GungHo Online Entertainment, Inc., the company that hosts the Japanese server of Ragnarok Online, announced it will expand its business for video game consoles, and Ragnarok is the second of 3 games for Nintendo DS to be released by them, along with Aqua Zone DS and Flower Arrangement DS.

The massively multiplayer features of the original will not be present in this version, though online facilities in some form will be available.

---------------------------------------------------------------------------------------------------------------------------------------------
this is really good 

i want to get for my R4 =D


----------



## ChaosBoi (Jul 24, 2008)

Meh, I'm only interested in Ragnarok. So far it looks great 
	

	
	
		
		

		
		
	


	




 . I hope it's an mmorpg but lag would be an issue though. They can probably make an enlarged ram pack or something for that.


----------



## ojsinnerz. (Jul 24, 2008)

MapleStory single player = Massive failure

Ragnarok single player = Somewhat decent??????????


----------



## Hypnos (Jul 24, 2008)

i forgot to say

the two games can be used to play online =D


----------



## wilddenim (Jul 24, 2008)

Maybe it's just me but there are only one Maply Story screenshot loaded?

Hmm, any information on release date? I can't decide which one I'd pick. So I'll give both a go. If English version ever get released.


----------



## Hyperlisk_ (Jul 24, 2008)

I really doubt they would lag online... There were online games when we only had dial-up, let alone Wireless B. I want to try Ragnarok DS.


----------



## Hypnos (Jul 24, 2008)

i will test first maple story


ragnarok can wait =D


----------



## MR_COW (Jul 24, 2008)

I don't even know if Nintendo's Wi-Fi service would allow for a MMORPG.


----------



## Hypnos (Jul 24, 2008)

man
Ragnarok DS 


its like grand chase

you make the room
and the other join


you will host the room
but you probably will need 2 DS
1 for host
and other for play
if you dont do this

LAG


----------



## ojsinnerz. (Jul 24, 2008)

Well, to tell you the truth, most of us already know all the stuff you've just mentioned....


----------



## Hypnos (Jul 24, 2008)

yes yes i will post notices now 


---Editing first POST-----


----------



## asuri (Jul 24, 2008)

ojsinnerz said:
			
		

> Well, to tell you the truth, most of us already know all the stuff you've just mentioned....

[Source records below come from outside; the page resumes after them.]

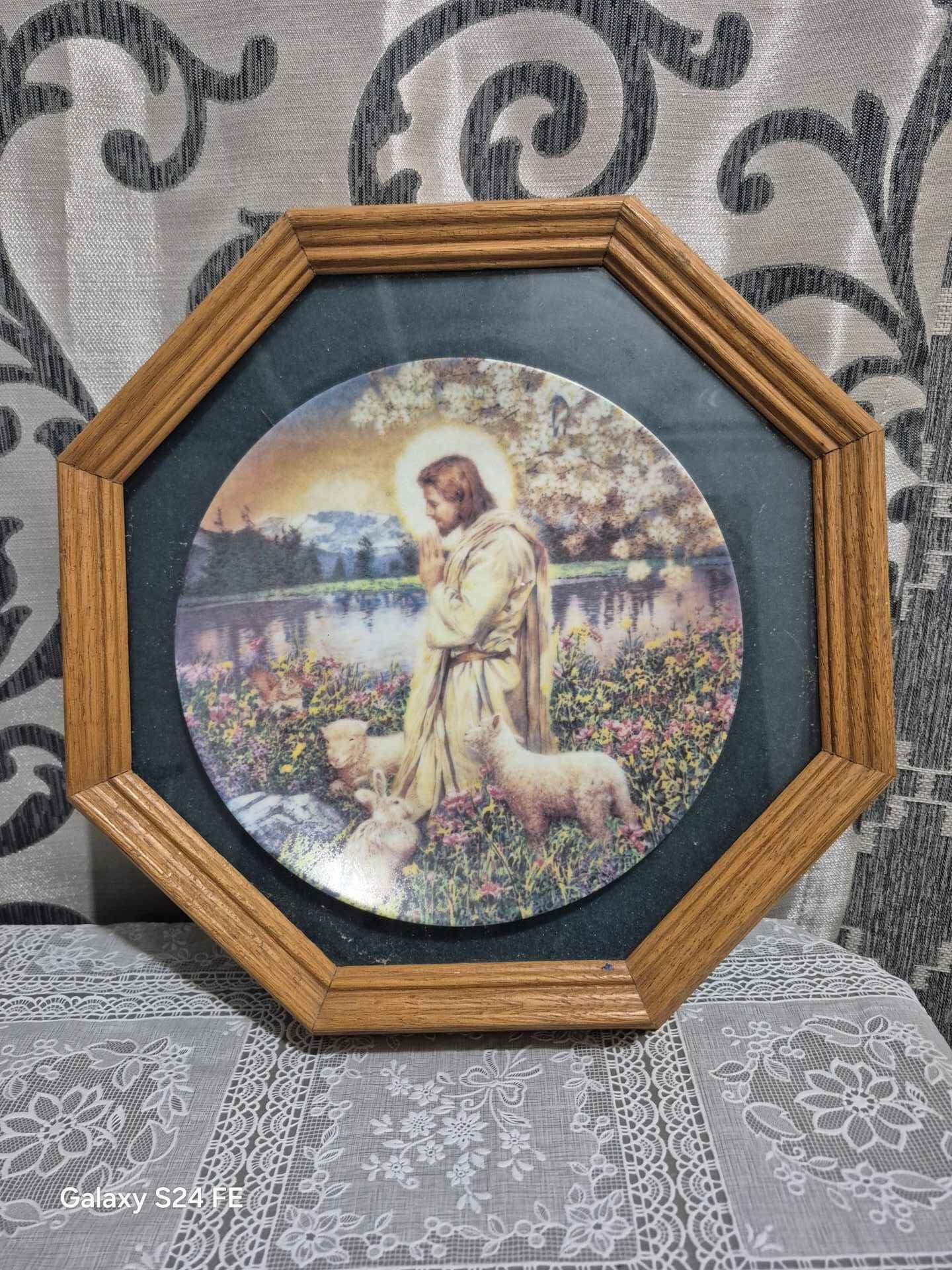 framed plate with Jesus sitting with sheep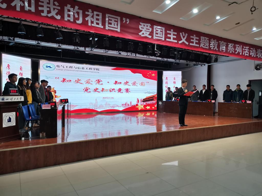 2019年11月18日,由電信學(xué)院黨委主辦、學(xué)院團(tuán)委協(xié)辦的“我和我的祖國”愛國主義教育主題系列活動表彰儀式暨“黨史知識競賽”在彭家坪校區(qū)大學(xué)生活動中心三樓舉行,學(xué)院黨委書記楊新華、黨委副書記朱毓杰、黨委組織員陳沖、全體輔導(dǎo)員及學(xué)生黨支部代表、學(xué)生代表四百余人參加了本次活動。
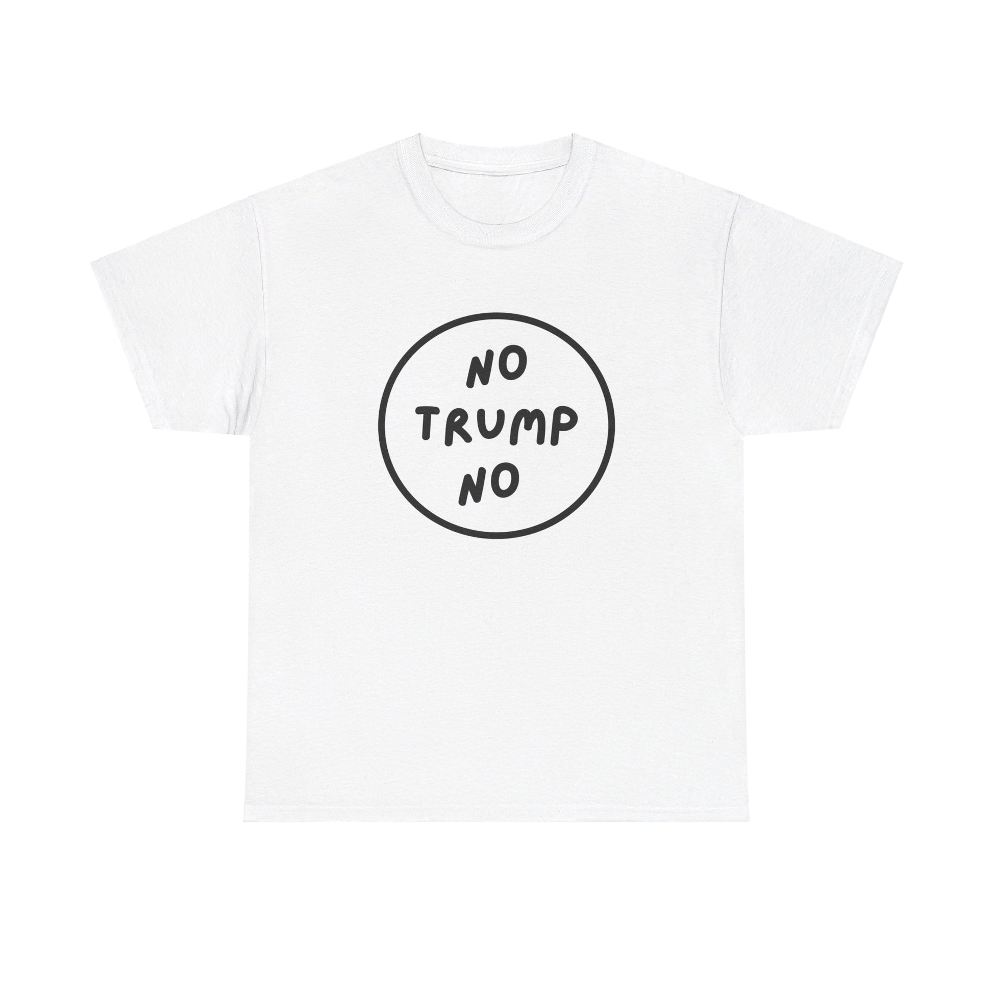 The unisex heavy cotton tee `No Trump No` is the basic staple of any wardrobe. It is the foundation upon which casual fashion grows. All it needs is a personalized design to elevate things to profitability. The specially spun fibers provide a smooth surface for premium printing vividity and sharpness. No side seams mean there are no itchy interruptions under the arms. The shoulders have tape for improved durability.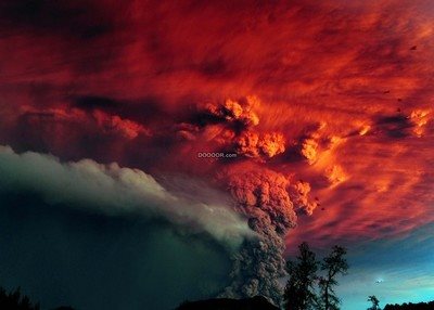火山爆发黑色和红色的云朵鸟儿四散奔逃压抑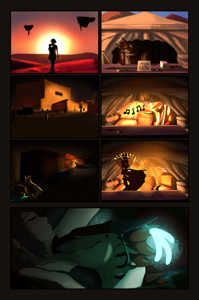 Priceless artifact in hand, Neela returns to the true treasure of her life, and the two enjoy another nice, long sleep together, Tika’s tent nice and warm against the chilly desert night. Tika drools in her sleep, but Neela doesn’t[…]↓ Read the rest of this entry…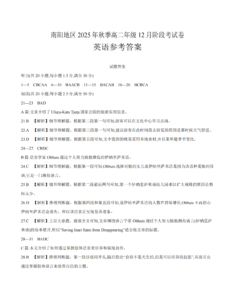 河南省南阳地区2025-2026学年高二上学期12月阶段考试卷 英语答案.pdf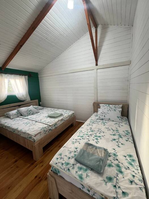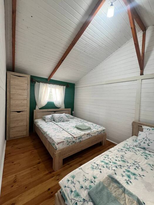— Коттеджи стандартного типа, вмещают в себя семью из 3 человек (двое взрослых и ребенок). В доме одна двуспальная кровать и доп. кровать).
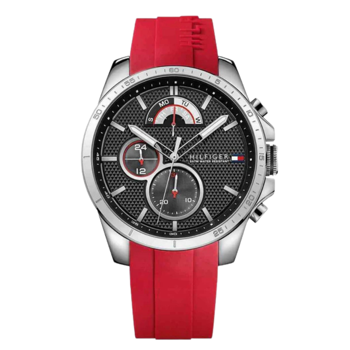 Tommy Hilfiger Decker Red Rubber Strap Black Dial Chronograph Quartz Watch for Gents - 1791351

yea.. stuff has been posted before too


and by now it seems like the two groups stopped the projects or postponed them they wouldve been out by now


----------



## Mei-o (Jul 24, 2008)

Hmmm, another couple of hundred hours of my life will be wasted if I bite...


----------



## jgu1994 (Jul 24, 2008)

Shiro786 said:
			
		

> old news is oooooooooooooooooooooold


qft. and there is no multiplayer wifi on maplestory. they wanted to focus on the single player.


----------



## Gab (Jul 24, 2008)

I'm glad there's still life to these ones after being announced for so long.
However, the screens for Ragnarok DS look like mock-up still. The status bars/info are too small to be of use and it just looks like a PC screenshot cropped to fit.


----------



## SavageWaffle (Jul 24, 2008)

Maplestory DS: Out in Korea, not the real game, but demo. 
Just note that the first release of Maplestory DS will be in Korean. American version of course will have to wait, unless someone makes a language patch.
There is NO Wifi, or multiplayer. Much like crappy Single player of the MMORPG, Maplestory. Top screen used for usual use, Bottom screen used for map. Stylus not required, most of the time you use the D-Pad and buttons(L,R,B,A, etc.)
-Source: I was in Korea not long ago, visited local game store. Since i knew Korean, i understood most of the game play, But im going to be honest, the demo SUCKED.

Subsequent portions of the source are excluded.